To do those kinds of visualizations takes an immense amount of processing power.
You may be able to use integer-based math and show an "oscilloscope" like waveform on the screen, but it certainly wont be fast. you basically have to sample the audio at a given frequency, and record the dB levels of each sample in a table for a given time period.
Then this table is painted in a graph on screen. Lots of math work that an FPU would be good at doing, but with a certain degree of error, can be done with integers only.
Spectrum Analyzer visualization FFT? You may be able to use some optimized routines that were targeted for 8-bit MCUs like the Atmel AVR/PIC since they are table based. But again, the sampling takes the most amount of overhead and RAM.
did software exist to do this back then? Yea kinda. probably not on a Mac though. However given the knowledge we have today with doing oscillographs and DFT/FFT on a RISC microcontroller, it can probably be done.
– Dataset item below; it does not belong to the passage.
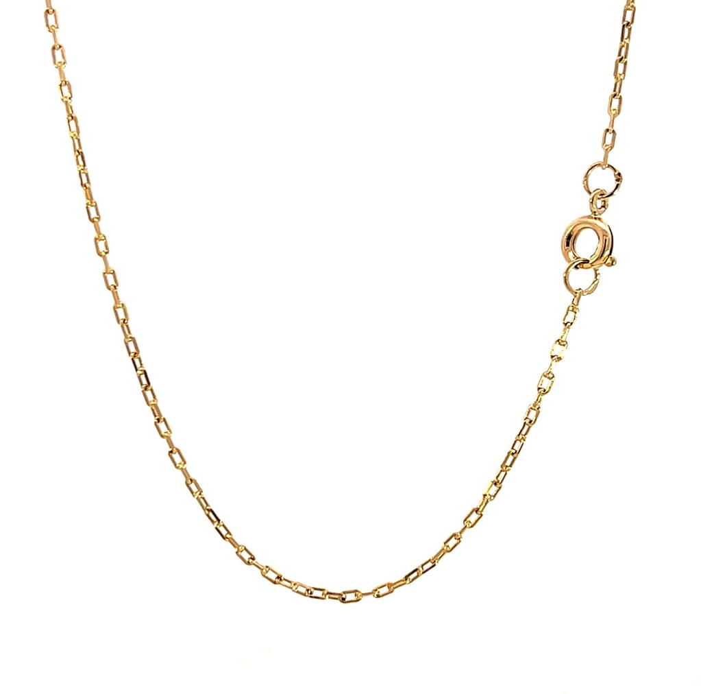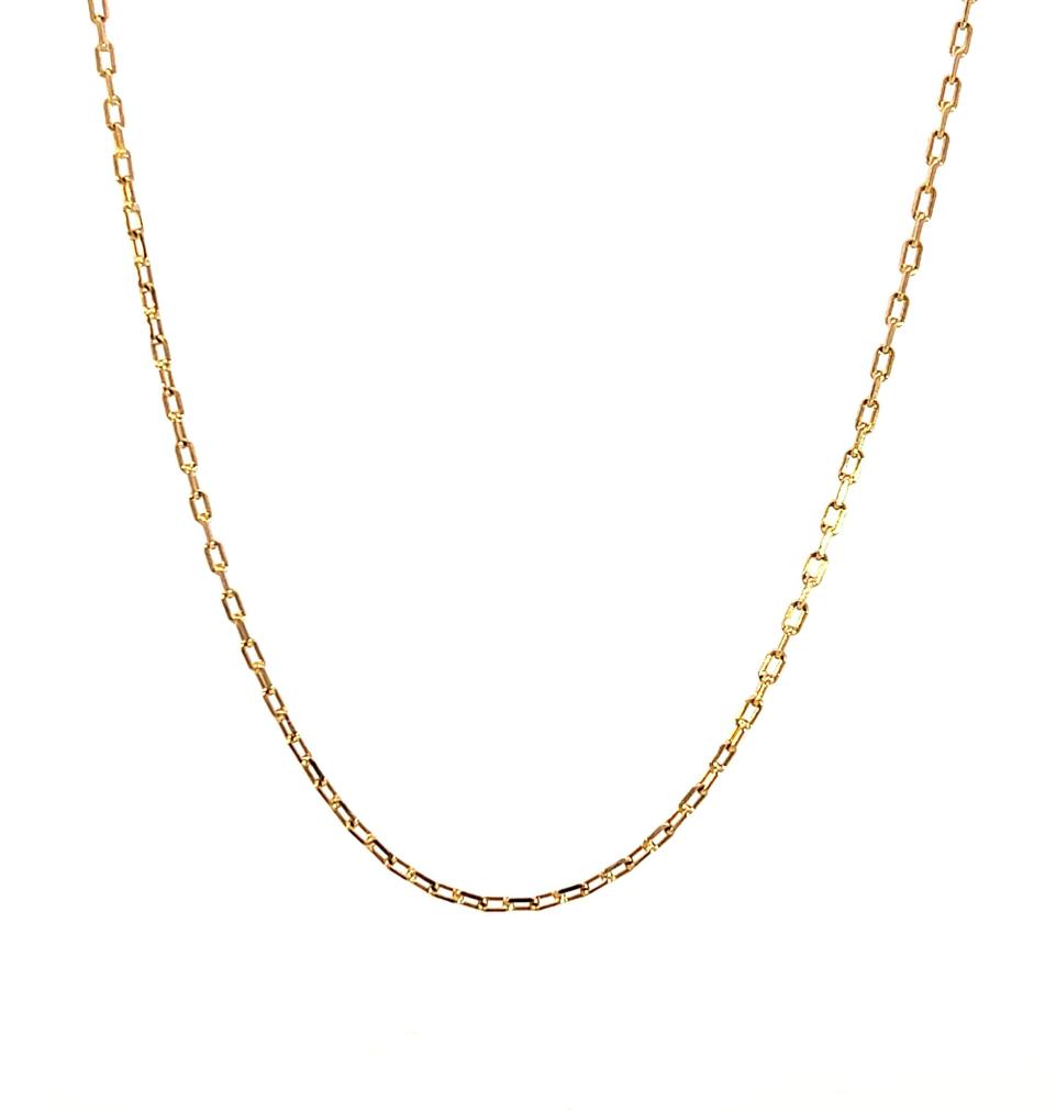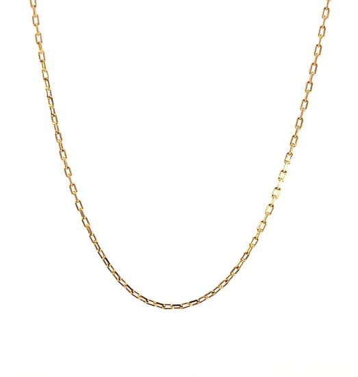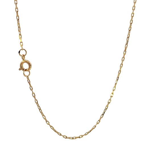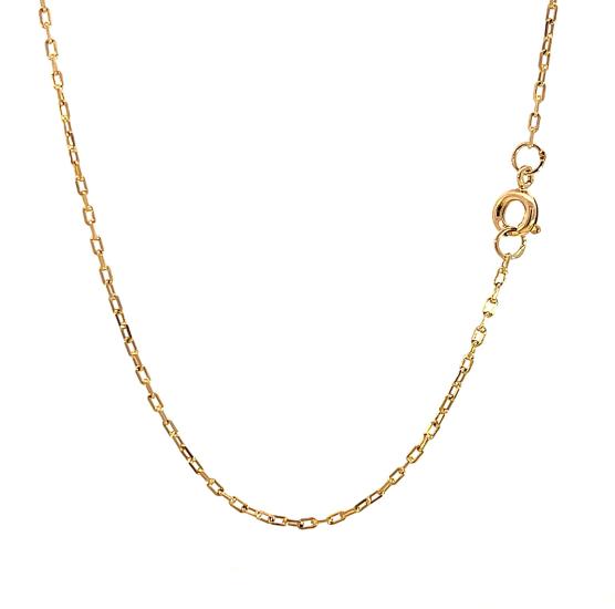 Řetízek z růžového zlata o ryzosti 585/1000, punc čejka. Váha 3,33 g, délka 50 cm, v nejširším bodě 1,5 mm.

Back in the old days, I used CD Spectrum Pro on windows and it worked ok but it really needed a pentium. a 486 could do it with Goldwave, but only like a 7 band visualizer. 386 was too choppy and had lots of lag.
This topic has kind of peaked my interest because I have been meaning to write a program to do something like this one day on a vintage mac, but my plan was to use external hardware for sampling etc. Would be interesting if it could be pulled off using entirely the original hardware. it would have to be written and compiled in highly optimized C, no way around that.